This is currently the most comprehensive database of Omega 3 fatty acids available. Please note that there are several different Omega 3 fatty acids. We provide the individual data for the 5 most common (DHA, EPA, DPA, ALA and ETE) plus the total of these individual Omega 3 contents for each food in our database. User can sort foods by a specific Omega 3 fatty acid or by their total by clicking on the appropriate column header.

Omega 3 Fatty Acids

Omega-3 fatty acids (also called ω−3 fatty acids or n−3 fatty acids) are fats commonly found in marine and plant oils. They are polyunsaturated fatty acids with a double bond (C=C) starting after the third carbon atom from the end of the carbon chain.

They are considered essential fatty acids, meaning that they cannot be synthesized by the human body but are vital for normal metabolism. Though mammals cannot synthesize omega−3 fatty acids, they have a limited ability to form the long-chain omega−3 fatty acids including eicosapentaenoic acid (EPA), docosahexaenoic acid (DHA) and α-linolenic acid (ALA).

Common sources of omega–3 fatty acids include fish oils, algal oil, squid oils, and some plant oils such as Sacha Inchi oil, echium oil, flaxseed oil and hemp oil.

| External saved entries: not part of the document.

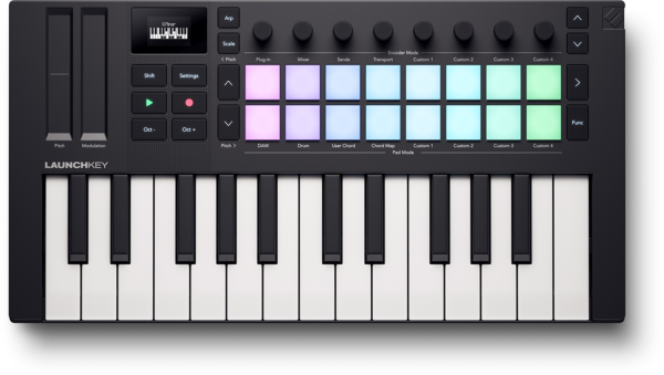 Launchkey Mini 25 is a compact and powerful DAW controller equipped with a suite of onboard creation tools. Every aspect is designed to enhance your creative flow, from the synth-style mini-keybed and 16 pads with polyphonic aftertouch, to the control surface, which enables intuitive DAW integration.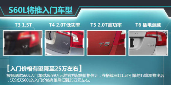 S60L T3入门车型将搭载的全新三缸1.5T引擎重量仅99千克,相比传统的四缸与六缸发动机,三缸引擎拥有更轻的重量和更小的体积。如此的改变在保证足够动力的同时,将为新车带来更好的燃油经济性,随之而来的将是前期税率和后期燃油消费等多种费用的降低。由此对新车售价进行估计,现款S60L入门车型26.99万元的官方起售价格估计,在搭载三缸1.5T引擎的T3车型推出后,沃尔沃S60L的入门价格有望降低到25万元左右。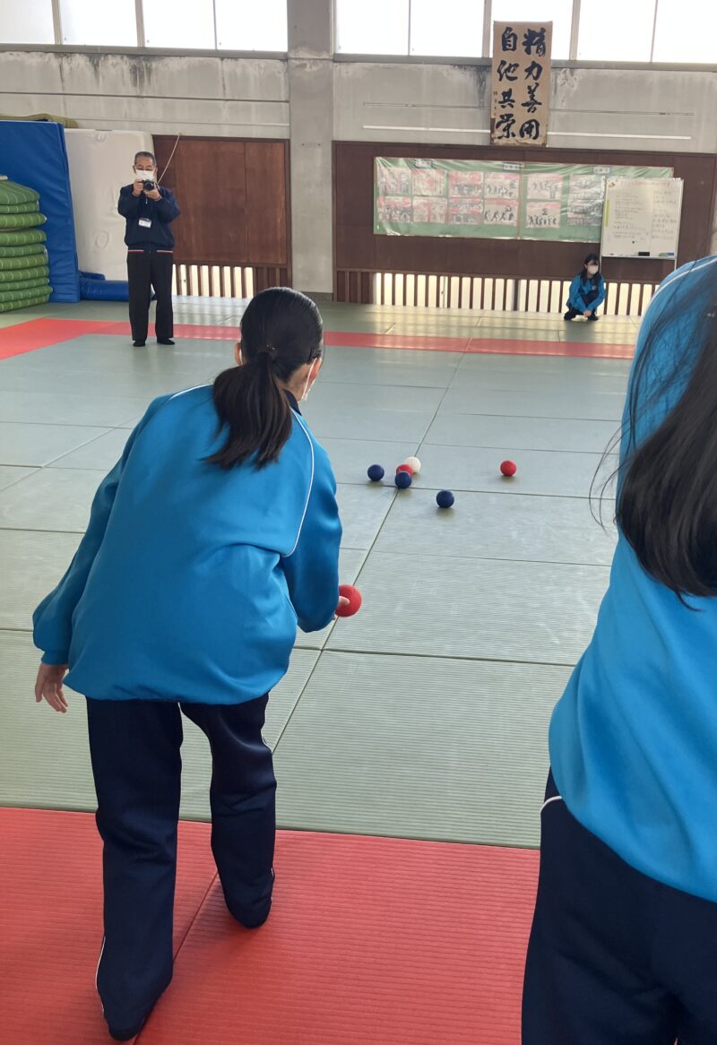 生徒の皆さんは、体育の授業で「ボッチャ」に触れていて、練習を重ねていたこともあり、短い時間の中でも円滑に競技が進みました。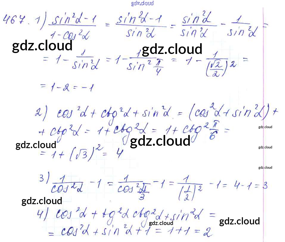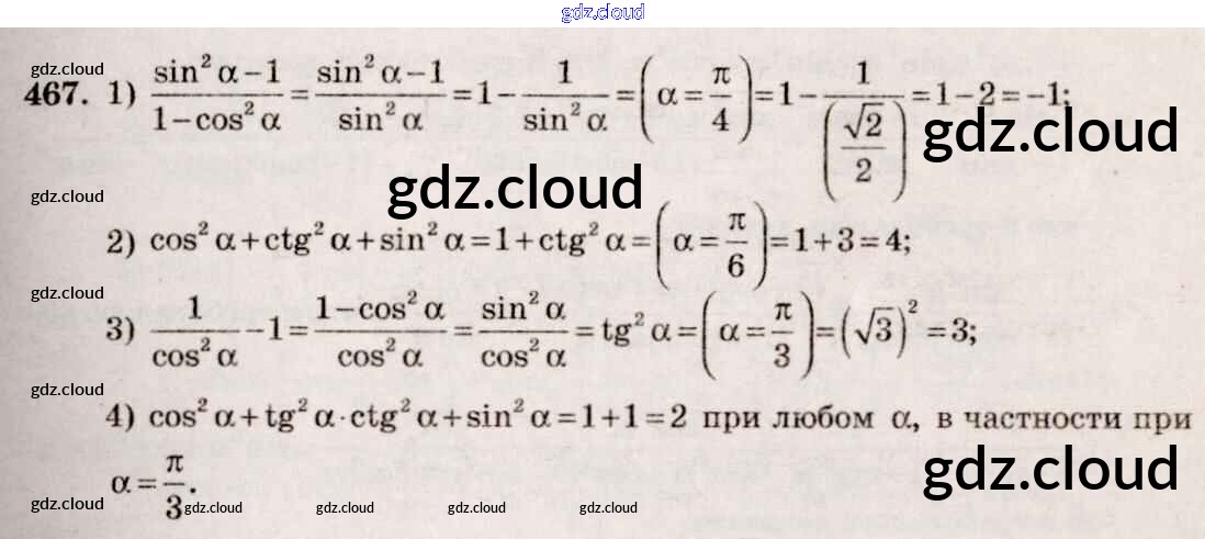 Ответ на задание 467 Учебник Алгебра за 10, 11 (десятый, одиннадцатый) класс Алимов, Ткачева, Колягин, Федорова, Шабунин Базовый и углубленный уровень 2015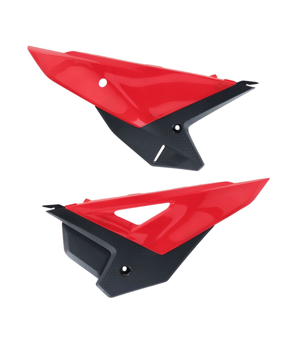 Side Panels For HondaInjection-molded, quality plastic components with an OEM type fitExact replica of stock OEM plastic components but strongerGlossy and flexibleSold as a pair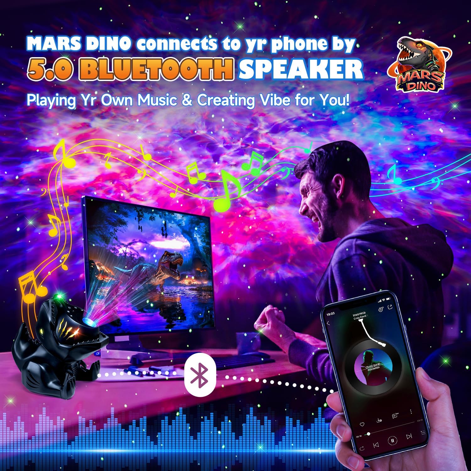 - HiFi BLUETOOTH SPEAKER STAR PROJECTOR: This star projector dinosaur projector light for kids can not only emit brilliant galaxy light, it can sing too! The dinosaur bedroom decor has been updated with 5.3 version HIFI BLUETOOTH SPEAKER. The dinosaur bedroom decor can connect to yr phone & play yr own music. The sound quality is great! the star projector allowing u to relax with soothing music and star lights galaxy light. u'll be amazed to see stars twinkle and nebulae move rhythmically to the beat of the music,creating a more fun and energetic party atmosphere. The dinosaur bedroom decor,ceiling projector lights for bedroom star projector is wonderful mood lighting, dinosaur bedroom decor!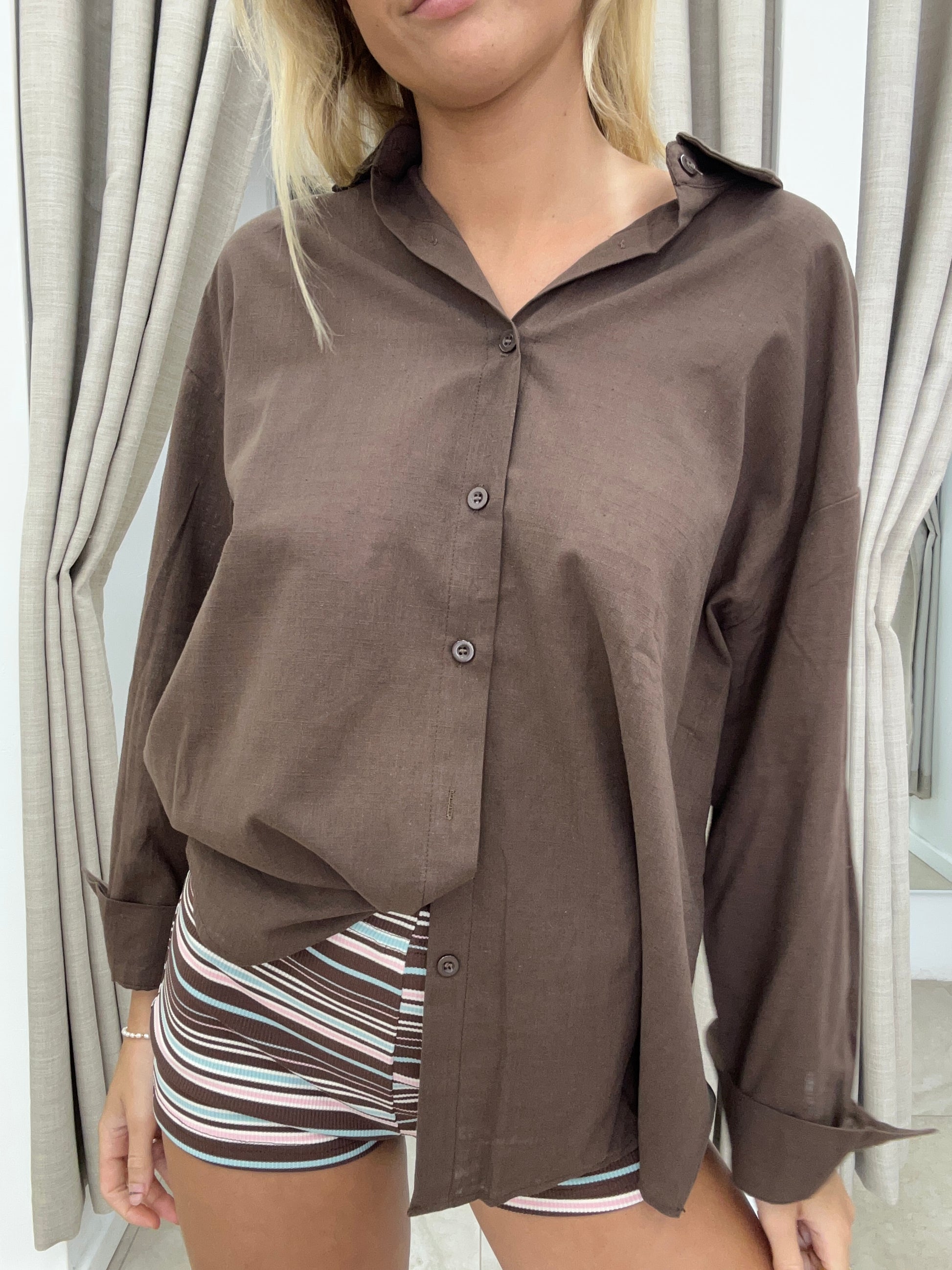 Charming chocolate and pink striped shorts, match with the chocolate cotton shirt for a coordinated look. This set brings together comfort and style in a classic colour combination. Perfect for casual days or relaxed weekends, the shorts feature a timeless stripe pattern that complements the collection beautifully. Mix and match with other pieces or wear as a complete set for effortless coordination.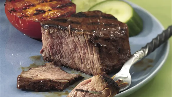 Step3To serve, bring any remaining marinade to a boil in small saucepan. To serve, slice beef thinly; serve with marinade.

Although omega-3 fatty acids have been known as essential to normal growth and health since the 1930s, awareness of their health benefits has dramatically increased since the 1990s.

The health benefits of the long-chain omega-3 fatty acids — primarily EPA and DHA are the best known. These benefits were discovered in the 1970s by researchers studying the Greenland Inuit Tribe. The Greenland Inuit people consumed large amounts of fat from fish, but displayed virtually no cardiovascular disease. The high level of omega-3 fatty acids consumed by the Inuit reduced triglycerides, heart rate, blood pressure, and atherosclerosis.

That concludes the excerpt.